[Lumbar spondylolisthesis management using expandable pedicle screw and interbody fusion cage].

Zhongguo Xiu Fu Chong Jian Wai Ke Za Zhi

Department of Orthopaedics and Trauma, Center of Orthopedic Surgery, General Hospital of Lanzhou Military Area Command of Chinese PLA, Lanzhou Gansu 730050, PR China.

Published: August 2009

Objective: To evaluate the therapeutic effects of expandable pedicle screw (EPS) combined with interbody fusion cage on lumbar spondylolisthesis.

Methods: From June 2004 to March 2008, 23 patients with lumbar spondylolisthesis were treated, including 9 males and 14 females aged 24-72 years old (average 48.7 years old). The course of the disease varied from 6 months to 6 years (average 30.4 months). There were 18 cases of degenerative spondylolisthesis and 5 of isthmic spondylolisthesis, including 1 case at L3,4 level, 14 at L4,5 level, and 8 at L5 and S1 levels.

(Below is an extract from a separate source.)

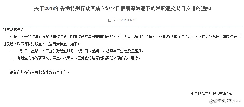 智通财经APP获悉,据深交所发布公告,2018年香港特别行政区成立纪念日假期深港通下港股通(以下简称港股通)交易日安排通知如下:
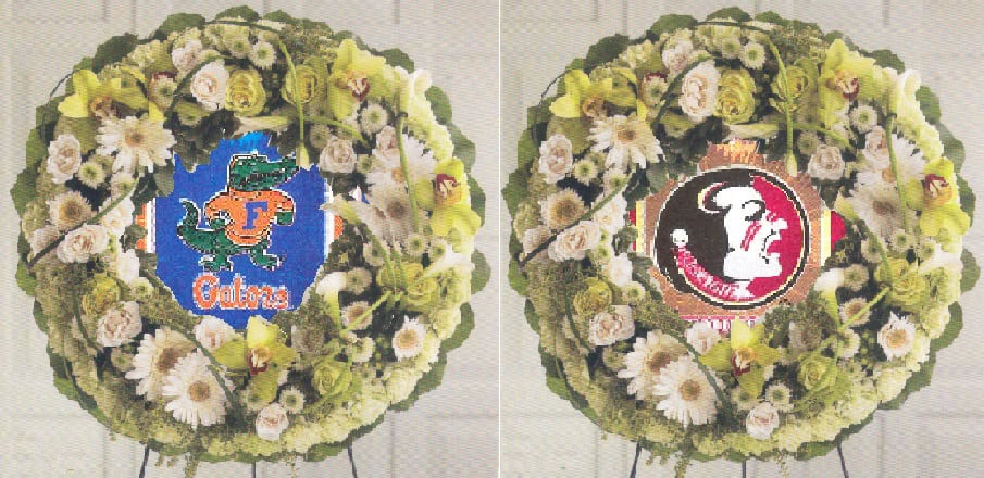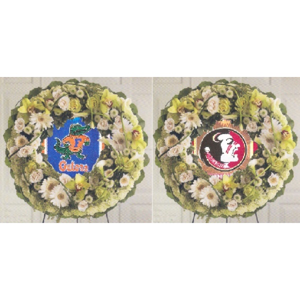 Fragrant and ethereal white blossoms (or any other color scheme) set among a ring of soothing greens form a classic wreath depicting the team pride of a loved one – call us with the details. Team logos available: UF Gators, FSU Seminoles, Tampa Bay Buccaneers and Detroit Tigers. 5ft. metal easel stand included in price.

There were 17 cases of grade I, 4 of grade II, and 2 of grade III (including 1 case of recurrent L5 spondylolysis) according to Meyerding classification system. Posterior lumbar interbody fusion was performed using 48 PLIVIOS interbody fusion cages, and spondylolisthesis reduction and internal fixation were conducted using 84 pieces of EPS. The indications for use of EPS were initial operation with bone mass reduction or osteoporosis, reoperation of previous pedicle instrumentation, intraoperative screw relocation, sacral anchoring, and construct reinforcement. Clinical outcomes, radiographic reduction of spondylolisthesis and bone fusion of lumbar interbody were evaluated based on JOA score, Boxall index, and Cook criteria.

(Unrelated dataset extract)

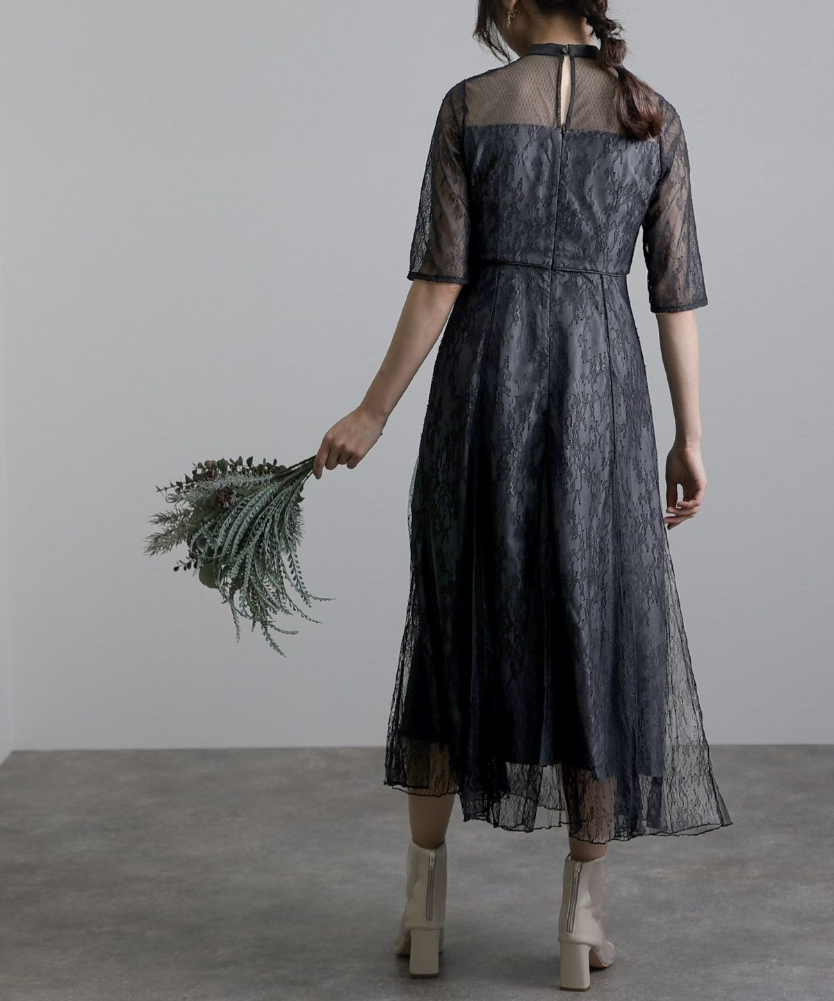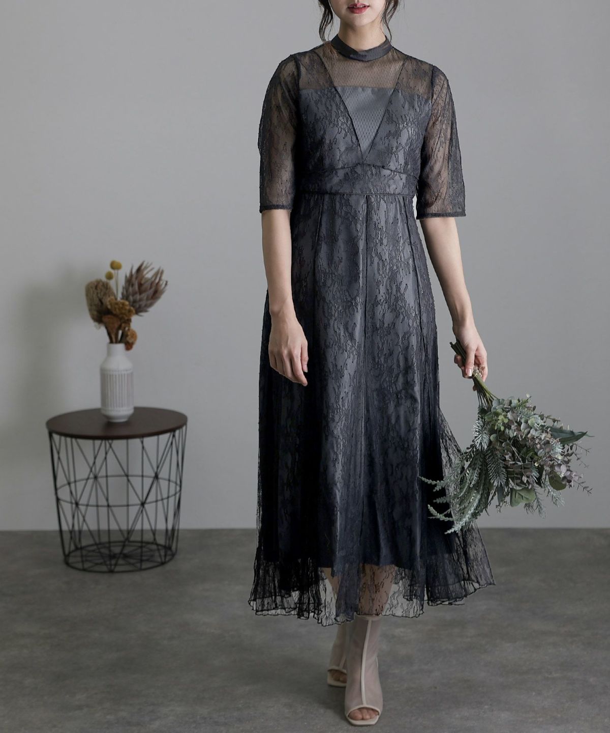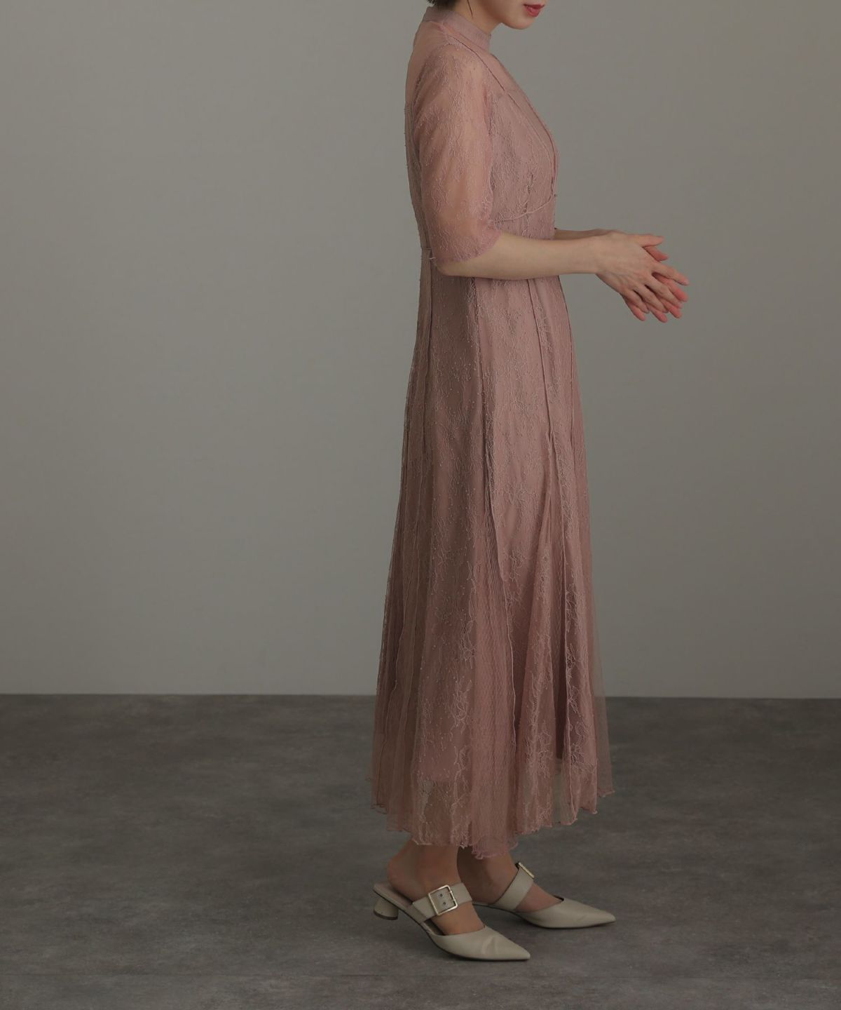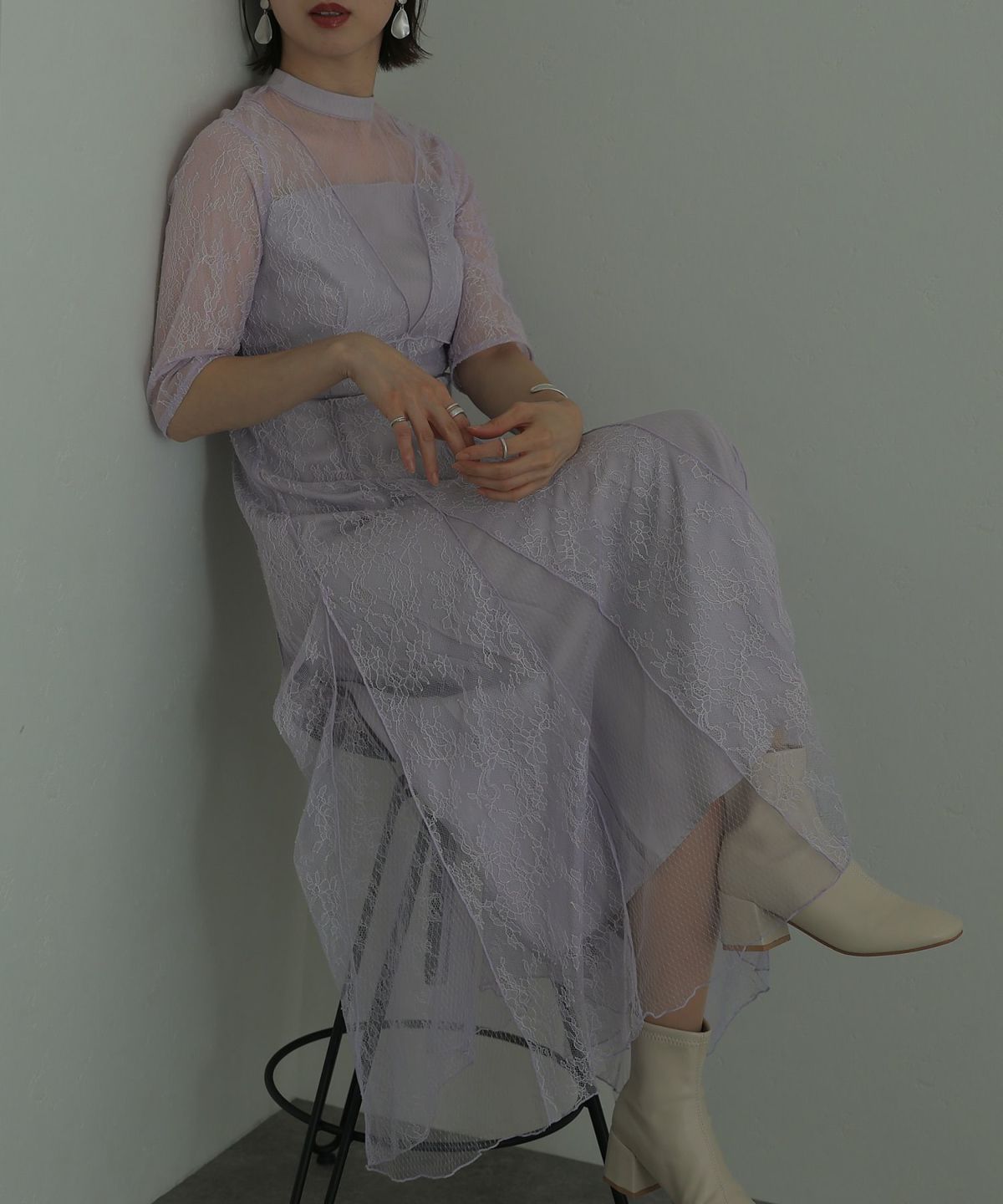 繊細なレース×チュールが細やかなディティール感あるドレス。

Results: The incision healed by first intension in all cases except for one revision case that suffered from postoperative cerebrospinal fluid leakage and obtained delayed-healing without infection 23 days after operation using conservative treatment. No operative complications such as nerve and organ injuries were found. All cases were followed up for 12-39 months (average 17.8 months). X-ray exams of spine AP, lateral, fully extended position and fully flexed position view showed all 84 EPS were fully expanded within vertebral body. The improvement rate of JOA at the final follow-up visit was markedly effective in 14 cases, and effective in 5 cases, and noneffective in 4 cases, with a total effective rate of 82.61%. Anatomic reduction was achieved in 14 cases, improvement was obtained in 6 cases, no improvement was observed in 3 cases, and the reduction rate was 86.69%. Lumber interbody fusion was achieved in 20 cases, fixation was achieved in 2 cases, failure was observed in 1 cases, and the fusion rate was 86.69%.

Conclusion: EPS in complex with interbody fusion cage provides effective reduction, internal fixation and interbody fusion for the reconstruction of lumbar spondylolisthesis.